No era de extrañar que Durban hubiese hecho todo lo posible por capturar a Phillips para que lo ahorcaran, incluso a costa de saltarse un poco las reglas. Como tampoco que los hombres que ya habían pagado tanto volvieran a pagar para proteger a quien los proveía y atormentaba. Eso añadía nuevas capas al concepto de corrupción.
¿Quién había pagado a Oliver Rathbone para que defendiera a aquel hombre en el juicio? ¿Por qué? ¿Para protegerse a sí mismo o a alguien a quien amaba, quizás un hijo o un hermano? ¿Tan distinto era eso de lo que Monk hacía ahora en su intento desesperado por proteger a Durban? Pues en verdad estaba desesperado. Era consciente del sentimiento que lo embargaba, desviando sus pensamientos y agarrotándole los músculos. ¿Cuánto de uno mismo estaba turbiamente vinculado a otra persona?

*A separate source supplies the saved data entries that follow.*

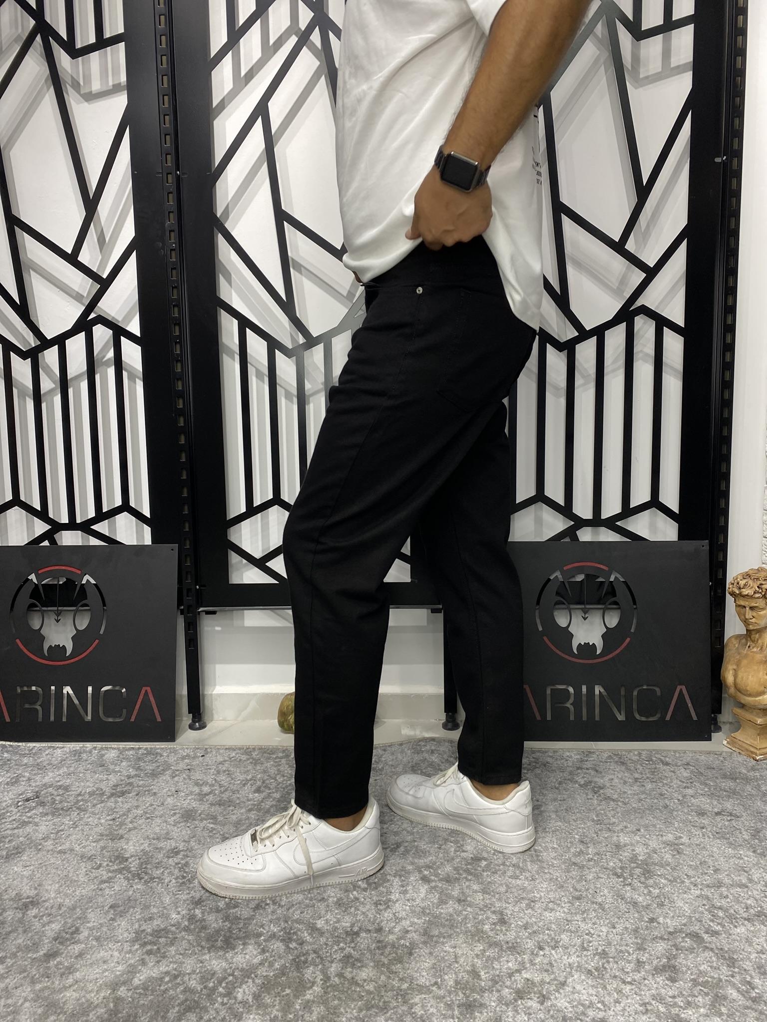 Siyah Basic Boyfriend Kalıp Karot Kesim Havuç Model Kot Pantolon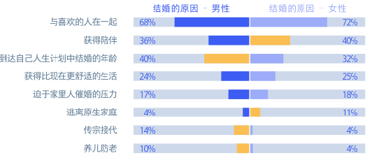 小鎮(zhèn)新青年期望通過(guò)自己的社交圈邂逅美好的愛(ài)情,但受限于自身社交圈子狹窄,大部分人最終是通過(guò)父母介紹、相親的方式找到另一半。新的婚姻觀念開(kāi)始影響小鎮(zhèn)新青年,例如認(rèn)為與相愛(ài)的人共處才是婚姻的真諦、對(duì)于父母的催促并不太在意等,尤其在女青年中更為明顯。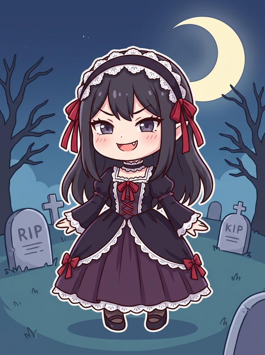 The model as a chibi vampire with tiny fangs and a mischievous smile, wearing a gothic dress with lace and ribbons . The setting is a moonlit graveyard. The style is in cute chibi anime illustration.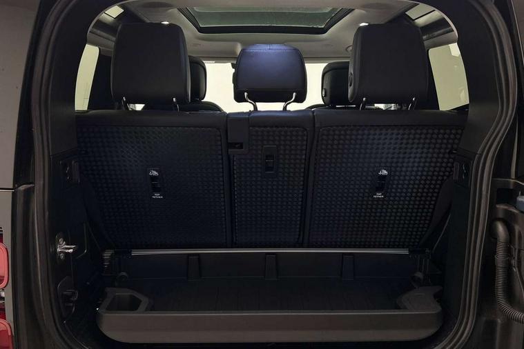 11.4" touchscreen, 360 degree parking aid, 3D Surround Camera with 360 View, 180 Rear View, Front Traffic Detection, Forward Vehicle Guidance, Tow Hitch Assist and clear sight Ground View, Adaptive cruise control, Android Auto, Apple CarPlay, Assisted tailgate with soft close, Blind spot assist, Bluetooth system, Brake pad wear indicator, Clear exit monitor, Connected navigation pro, Driver condition monitor, Electric power assisted steering (EPAS), Interactive driver display, Lane keep assist, Push button start, Rear collision monitor, Rear traffic monitor, Traffic sign recognition with adaptive speed limiter, Trip computer, Wade Sensing, 8 speed automatic transmission, All wheel drive system, Twin speed transfer box, DAB Radio (Digital Audio Broadcasting), Pivi pro connected, Auto dimming interior rear view mirror, Automatic headlight levelling, Automatic headlights, Centre high mounted stop light, Electric heated/power fold door mirrors with approach lights and auto dimming driver side, Electric windows with one touch open/close and anti-trap, Follow me home lighting, Front fog lights, Heated rear window with timer, Heated windscreen, LED tail lights, Panoramic rear side glass, Puddle lights, Rain sensing windscreen wipers, Rear fog lights, Rear wiper, Side hinged tailgate, Standard treadplates, Trailer stability assist, 12V power socket in loadspace, 14 way heated and cooled electric front seats with driver memory and 4 way manual headrests, 3 seat bench in 2nd row, Alpine lights, Configurable cabin lighting, Durable rubber cabin flooring, Durable rubber loadspace flooring, Electric reach + rake adjustable steering column, Extended leather upgrade, Footwell lights, Heated steering wheel, Loadspace cover, Loadspace Hook, Manual Tip & Slide front passenger seat, Multifunction steering wheel, Overhead stowage for sunglasses, Premium cabin lighting, Rear headrests, Rear ISOFIX, Rear reading lights, Removable Loadspace storage tray, Row 2 seats with forward folding seat base, Single front passenger seat, Standard seat configuration, Storage glovebox, Sunvisors with illuminated vanity mirrors, Online pack with data plan - Defender, 5 x 3 point seatbelts, ABS, Brake hold function, Cornering brake control (CBC), Customer configurable autolock, DSC - Dynamic Stability Control, EBD - Electronic brakeforce distribution, Electric parking brake (EPB), Emergency brake assist, Emergency braking, ESP + traction control, Front airbags with passenger seat occupant detector, HDC - Hill descent control, Hill launch assist, Low traction launch, Remote for (e-Call, Optimised assistance call, InControl app, Climate, beep and flash and door), RSC - Roll stability control, Seat belt reminder, TPMS (Tyre pressure monitoring system), Alarm, Immobiliser, Intrusion sensor, Keyless entry, Locking wheel nuts,

Monk había llegado al muelle, no lejos de Wapping. La marea estaba subiendo y el agua lamía los escalones de piedra, ascendiendo poco a poco. Olía mal, pero ya se había acostumbrado a su olor y lo recibió con agrado. Aquélla era la mayor vía marítima del mundo, hermosa y terrible a la vez. De noche su pobreza y suciedad quedaban ocultas. Luces de barcos procedentes de África y el Polo, de China y Barbados, bailaban al ritmo de las mareas. La ciudad, con sus cúpulas y torres, se perfilaba en negro contra el firmamento estrellado.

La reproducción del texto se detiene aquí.